Task details
The result should be the full listing copied exactly, with no pictures in it.

Data block
+===+
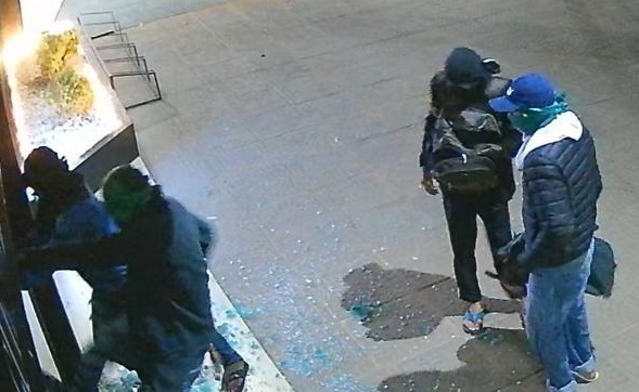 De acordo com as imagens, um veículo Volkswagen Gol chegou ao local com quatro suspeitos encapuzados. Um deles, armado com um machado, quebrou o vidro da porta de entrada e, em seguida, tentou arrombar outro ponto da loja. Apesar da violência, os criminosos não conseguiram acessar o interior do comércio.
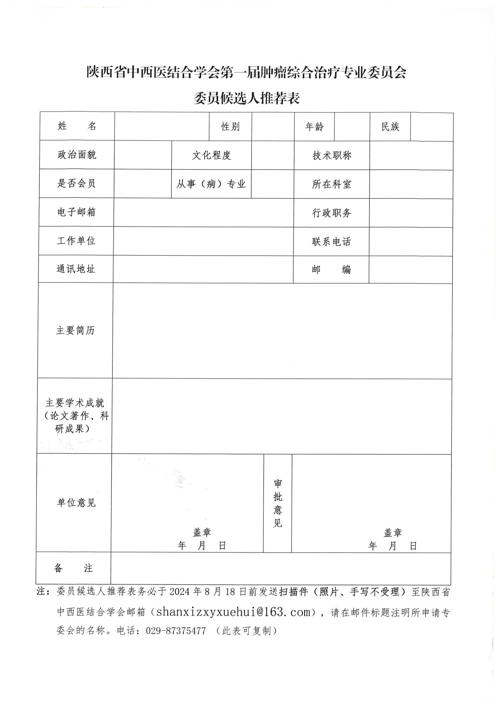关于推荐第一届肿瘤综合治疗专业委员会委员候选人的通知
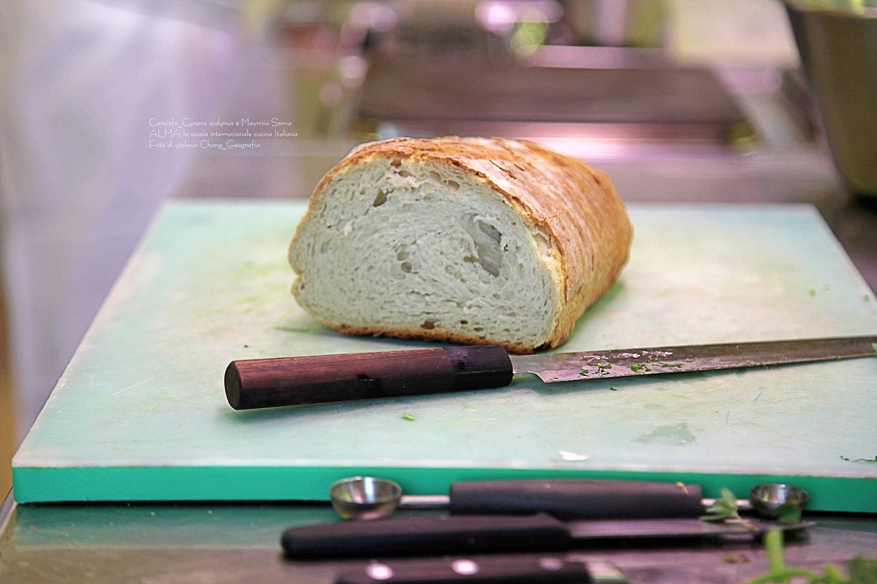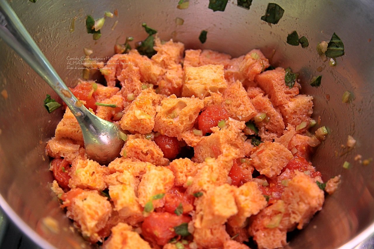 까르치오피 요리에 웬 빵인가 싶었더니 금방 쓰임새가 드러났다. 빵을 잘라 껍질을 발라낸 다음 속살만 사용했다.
+===+
Response
 De acordo com as imagens, um veículo Volkswagen Gol chegou ao local com quatro suspeitos encapuzados. Um deles, armado com um machado, quebrou o vidro da porta de entrada e, em seguida, tentou arrombar outro ponto da loja. Apesar da violência, os criminosos não conseguiram acessar o interior do comércio.
关于推荐第一届肿瘤综合治疗专业委员会委员候选人的通知
 까르치오피 요리에 웬 빵인가 싶었더니 금방 쓰임새가 드러났다. 빵을 잘라 껍질을 발라낸 다음 속살만 사용했다.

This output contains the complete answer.